Saved data entries
+---+
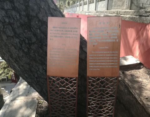 主干蜿蜒横生向石栏杆外、树皮斑驳,宛如一条降雨归来的苍龙,爬过石栏,舒适地卧在一块石碑上歇息卧龙松是戒台寺十大名松之一,有1000多年的树龄了。主干蜿蜒横生向石栏杆外、树皮斑驳,宛如一条降雨归来的苍龙,爬过石栏,舒适地卧在一块石碑上歇息。碑上所刻的“卧龙松”三个大字是清代恭亲王奕訢手书。
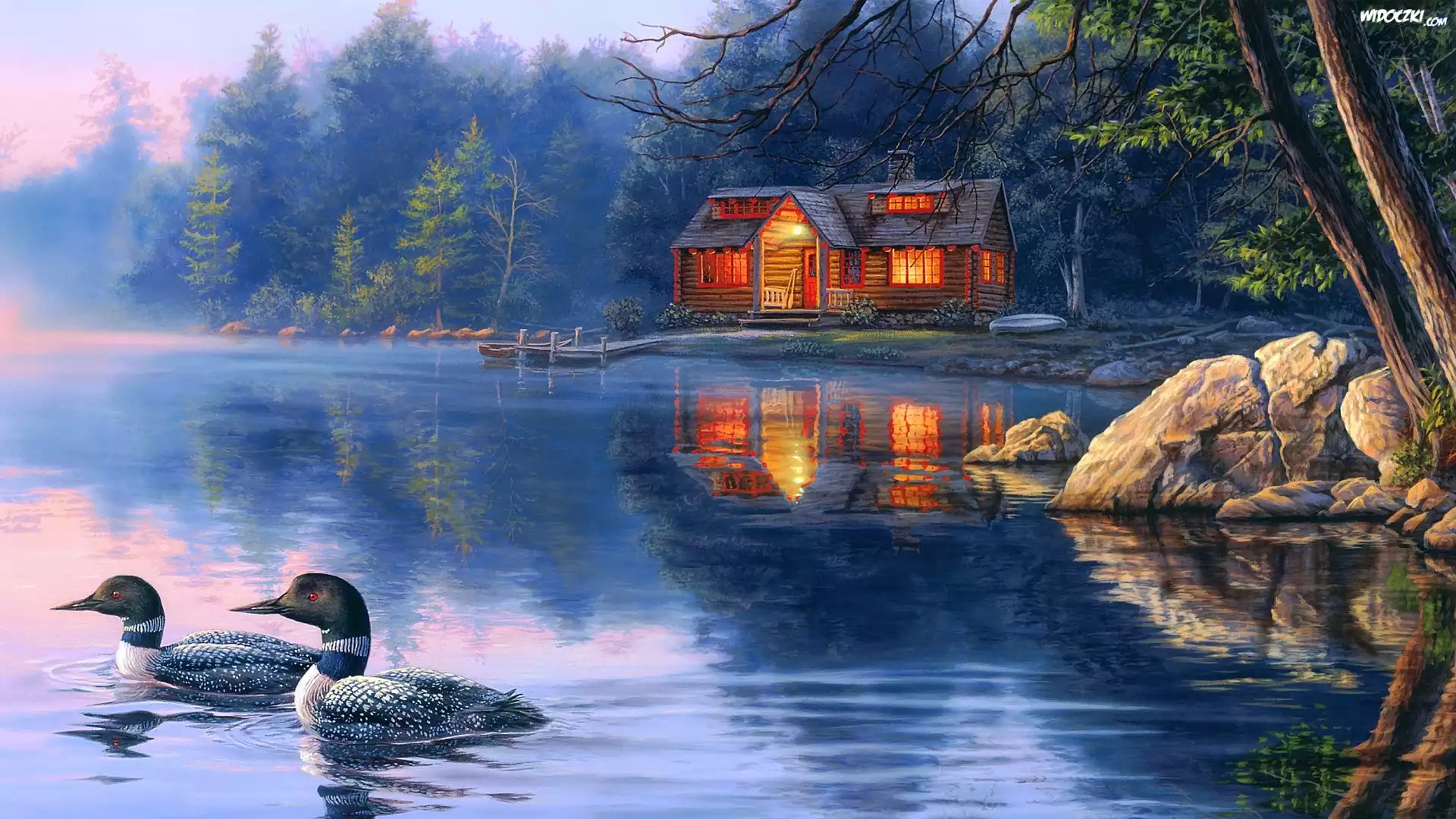 Zdjęcia, Oświetlony, Drewniany, Dom, Pomost, Las, Jezioro, Kaczki, Mgła, Malarstwo, Darrell Bush
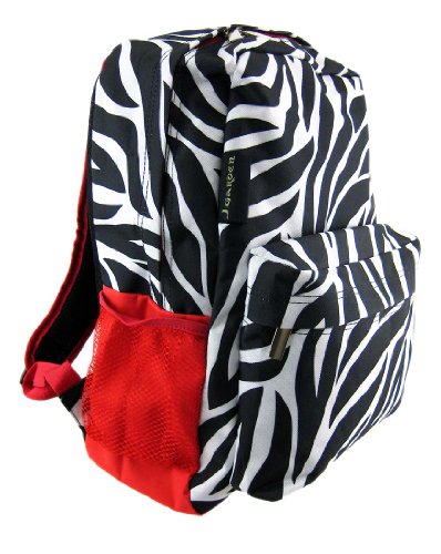 This great looking black, and white zebra stripe print backpack, with red trim, is great for students or campers, and makes a great overnight bag. Measuring 16 inches high, 12 inches wide and 4 inches deep, it has a padded back section, padded shoulder straps, a mesh side pocket, a zippered front exterior pocket, and has a large interior section for whatever you need to pack in it.This bag makes a great present for anyone who loves animal prints.
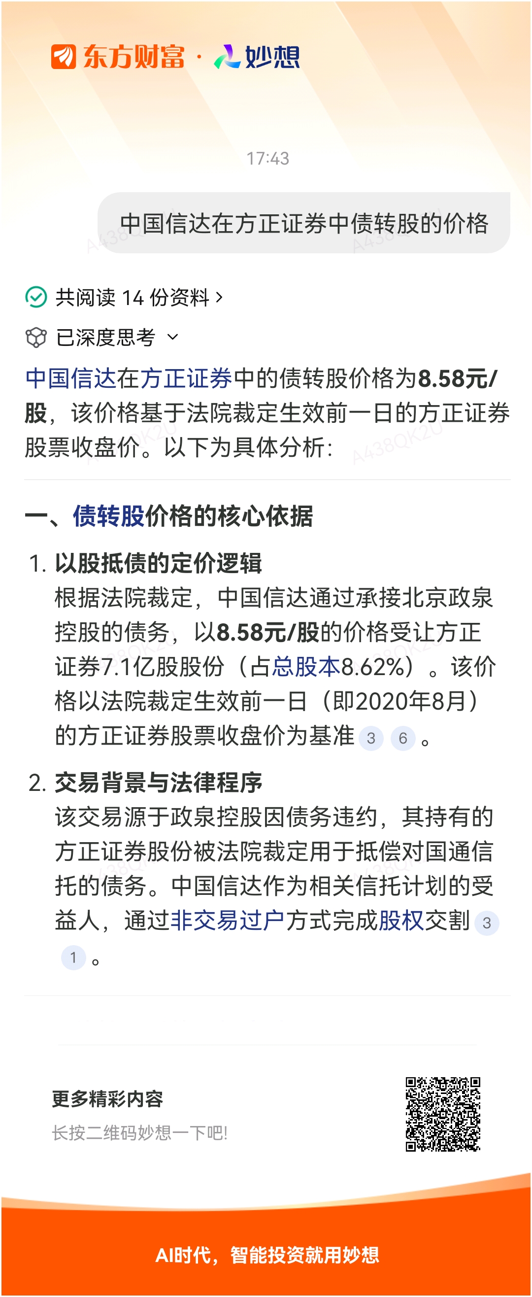 #@妙想,你怎么看?# 妙想一下:中国信达在方正证券中债转股的价格
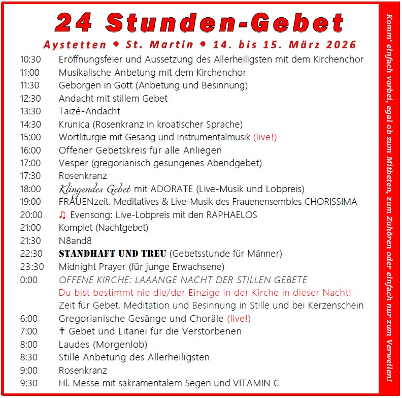 Am 14./15. März findet in Aystetten wieder das 24 Stunden-Gebet statt. Es startet am Samstag um 10:30 Uhr mit der feierlichen Eröffnung und dem Aussetzen des Allerheiligsten. Anschließend werden Gebetszeiten für verschiedene Anliegen, beispielweise...
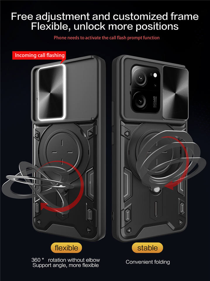 CD Sliding Window Magnetic Bracket Stand TPU PC Phone Case for Xiaomi 13T/13T Pro/K60 Ultra
+---+
→ **TASK OBJECTIVE**
Going by the data above, give back only the lines from the one containing "Malarstwo, Darrell Bush" through the one containing "#@妙想,你怎么看?# 妙想一下:中国信达在方正证券中债转股的价格", exactly as they stand, both ends included and no images.

→ **ANSWER AREA**
 Zdjęcia, Oświetlony, Drewniany, Dom, Pomost, Las, Jezioro, Kaczki, Mgła, Malarstwo, Darrell Bush
 This great looking black, and white zebra stripe print backpack, with red trim, is great for students or campers, and makes a great overnight bag. Measuring 16 inches high, 12 inches wide and 4 inches deep, it has a padded back section, padded shoulder straps, a mesh side pocket, a zippered front exterior pocket, and has a large interior section for whatever you need to pack in it.This bag makes a great present for anyone who loves animal prints.
 #@妙想,你怎么看?# 妙想一下:中国信达在方正证券中债转股的价格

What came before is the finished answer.